# [EXCERPTED RECORDS]
----
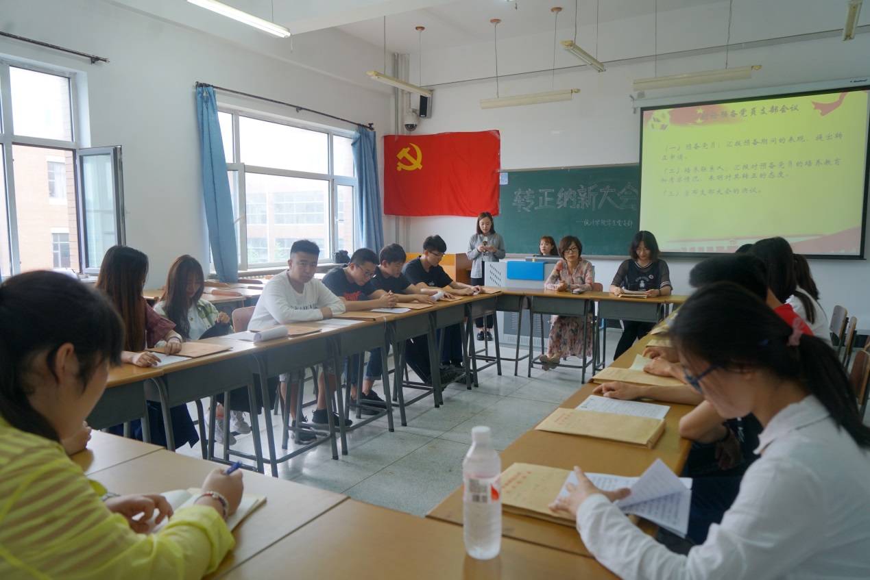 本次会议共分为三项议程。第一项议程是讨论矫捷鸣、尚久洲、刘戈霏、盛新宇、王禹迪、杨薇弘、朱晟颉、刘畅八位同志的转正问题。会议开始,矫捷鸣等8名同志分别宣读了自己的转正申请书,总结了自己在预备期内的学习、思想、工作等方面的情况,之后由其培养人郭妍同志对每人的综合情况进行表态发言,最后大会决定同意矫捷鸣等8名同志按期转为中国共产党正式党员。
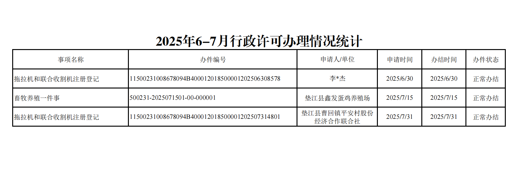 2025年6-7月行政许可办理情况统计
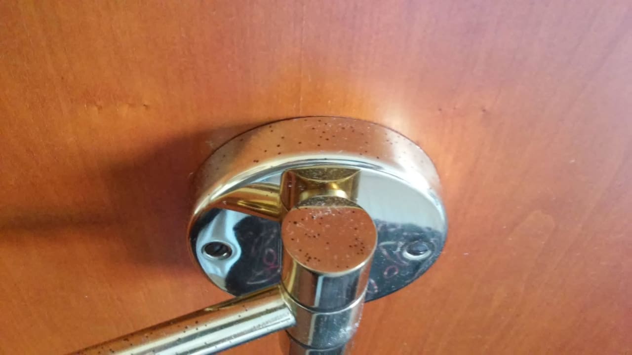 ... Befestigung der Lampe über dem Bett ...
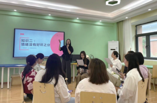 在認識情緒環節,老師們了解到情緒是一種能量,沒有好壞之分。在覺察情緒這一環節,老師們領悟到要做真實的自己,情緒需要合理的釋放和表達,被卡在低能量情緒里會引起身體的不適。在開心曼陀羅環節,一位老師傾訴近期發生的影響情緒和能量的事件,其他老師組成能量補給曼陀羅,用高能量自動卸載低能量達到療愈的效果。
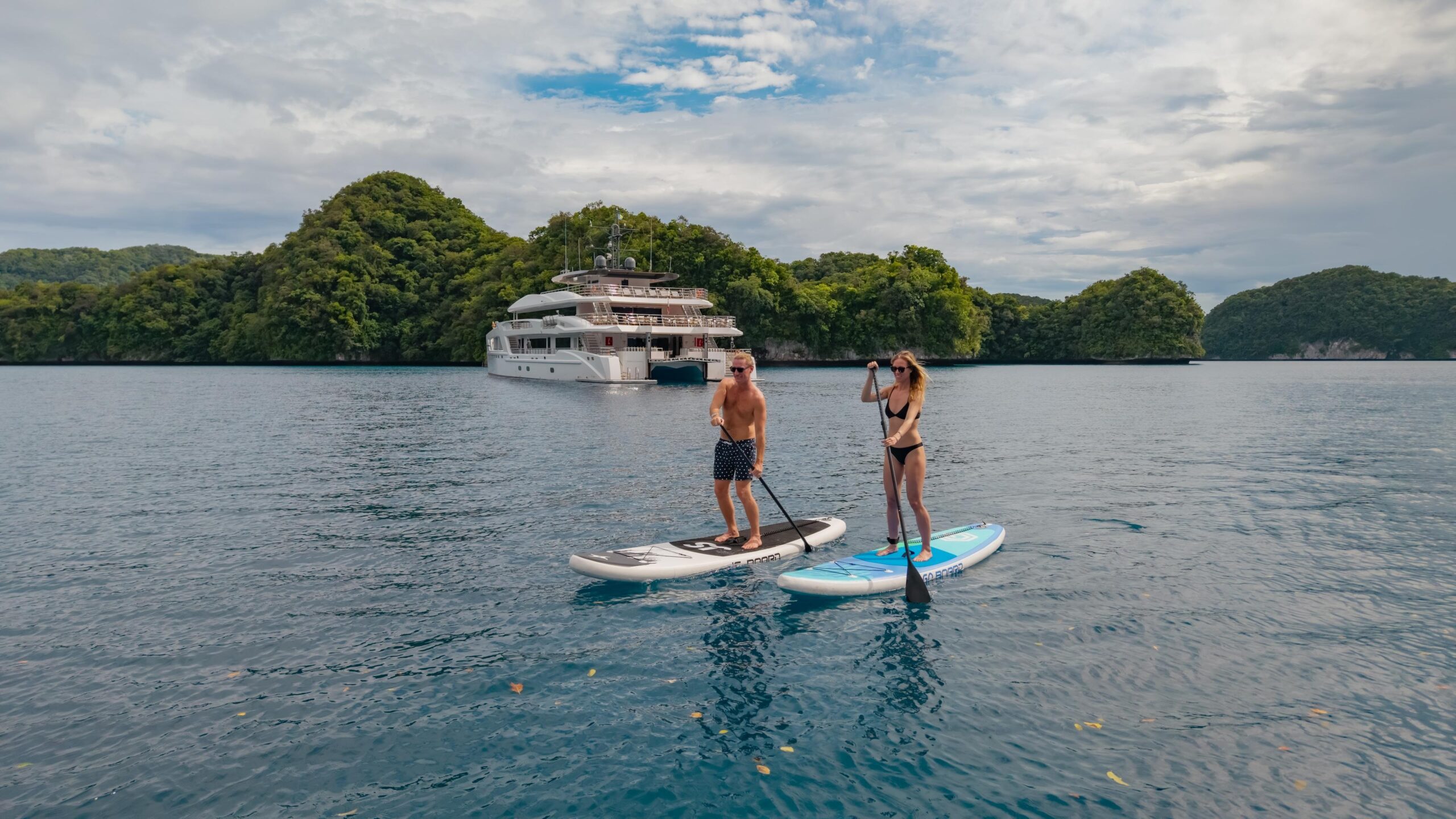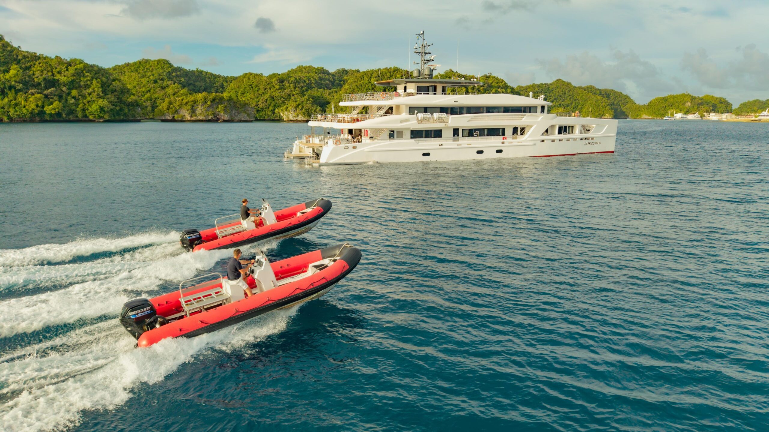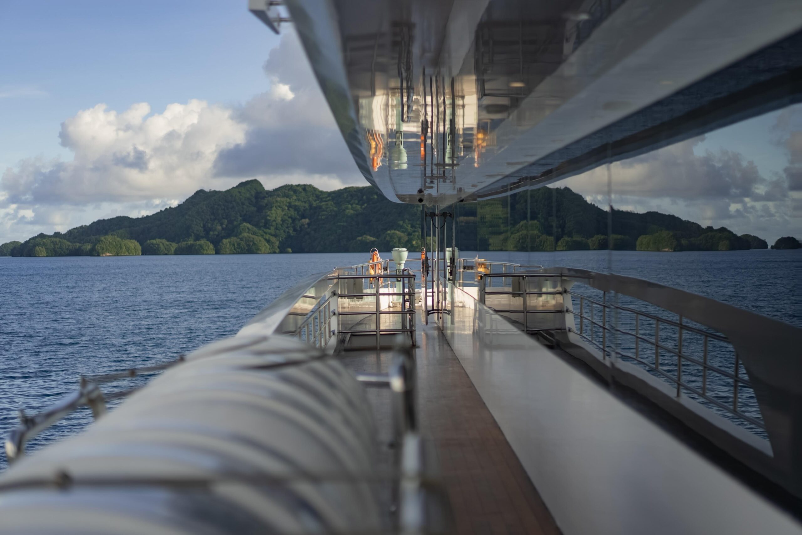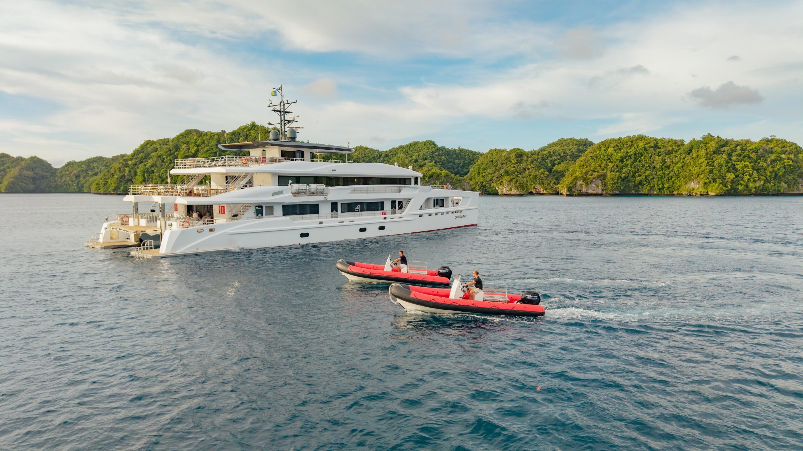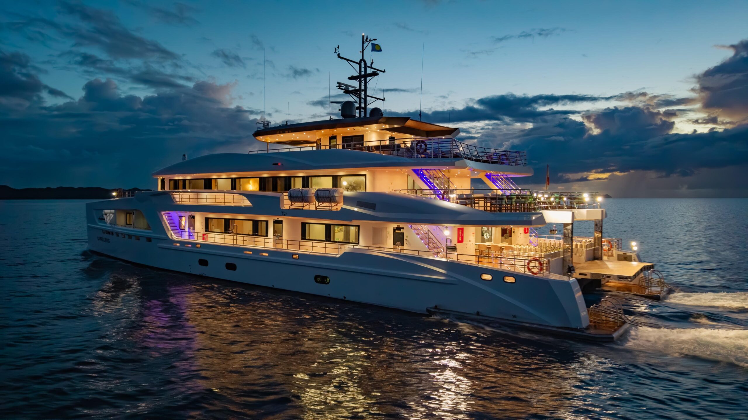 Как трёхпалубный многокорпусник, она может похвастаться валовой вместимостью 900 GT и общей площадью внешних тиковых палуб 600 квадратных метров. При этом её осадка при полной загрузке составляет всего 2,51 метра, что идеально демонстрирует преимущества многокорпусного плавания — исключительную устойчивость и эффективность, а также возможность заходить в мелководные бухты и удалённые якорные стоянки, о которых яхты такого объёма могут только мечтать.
----
Only the lines from the one with "2025年6-7月行政许可办理情况统计" through the final line of the entries above should be transcribed, exactly and without pictures.

# [SOLUTION BELOW]
 2025年6-7月行政许可办理情况统计
 ... Befestigung der Lampe über dem Bett ...
 在認識情緒環節,老師們了解到情緒是一種能量,沒有好壞之分。在覺察情緒這一環節,老師們領悟到要做真實的自己,情緒需要合理的釋放和表達,被卡在低能量情緒里會引起身體的不適。在開心曼陀羅環節,一位老師傾訴近期發生的影響情緒和能量的事件,其他老師組成能量補給曼陀羅,用高能量自動卸載低能量達到療愈的效果。
 Как трёхпалубный многокорпусник, она может похвастаться валовой вместимостью 900 GT и общей площадью внешних тиковых палуб 600 квадратных метров. При этом её осадка при полной загрузке составляет всего 2,51 метра, что идеально демонстрирует преимущества многокорпусного плавания — исключительную устойчивость и эффективность, а также возможность заходить в мелководные бухты и удалённые якорные стоянки, о которых яхты такого объёма могут только мечтать.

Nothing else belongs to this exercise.